The end of the year brings a flood of lists purporting to sum up the the year we’re leaving or to make bold predictions about the year to come. Far too many of them predict exponential growth of something. I understand that, to most people, “exponential growth” is really just an expressionÂ which loosely translates to “really freaking fast”, but come on. It’s math.

Being cavalier with math never pays off in the long run.

So, I have produced a handy guide to growth rate taxonomy.

**Linear Growth**

Linear growth occurs at a **constant interval**. If it went up by one over the last period, it will go up by one over the next period. If it went up by 1,000,000 last time, it’ll go up by 1,000,000 next time. The size of the steps is constant.

Here, the blue line grows at a rate of +1, the red line at a rate of +5. Both are linear. They will each always increase by +1 and +5 per step.

**Geometric Growth**

In geometric growth, size of the steps **increases by a constant multiple**. So in linear growth, the same number was added with each step.

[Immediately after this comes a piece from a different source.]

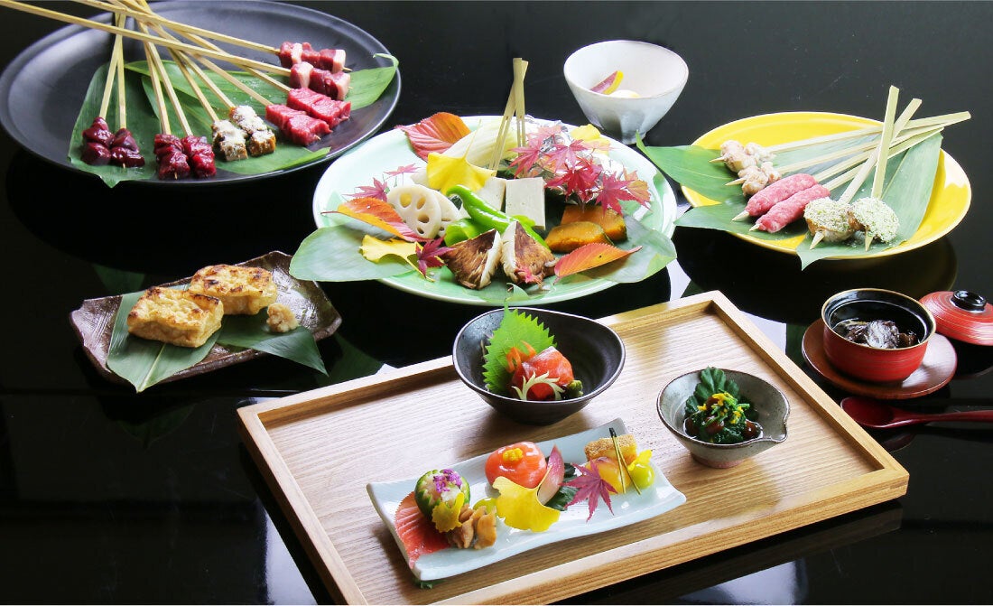 炭火で焼く食べ方は継承しつつ、地獄温泉でなければ食べられないユニークで美味しい料理コースです。

In geometric growth, the same number is multiplied with each step.

Here, the blue line is our linear +5. The red line is *2 (doubling with every step).

**Exponential Growth**

In exponential growth, the steps increase by a constant exponent. So the rate of growth increases with each step. In geometric growth, we multiplied by 2. In exponential growth, we raise to a power of 2 (or whatever), so we multiply by an ever increasing amount.

Here, the blue line is geometric growth of *10, the red line is exponential growth of *2. You might notice that the scale on this one only goes out five steps, instead of the ten the other graphs covered. That’s because exponential growth increases so quickly in the “out years” that everything else looked flat.

Like this.

Say what you want. I’m all for colorful language. I’ll grind my teeth and smile when I hear it.

But you’re not talking about exponential growth.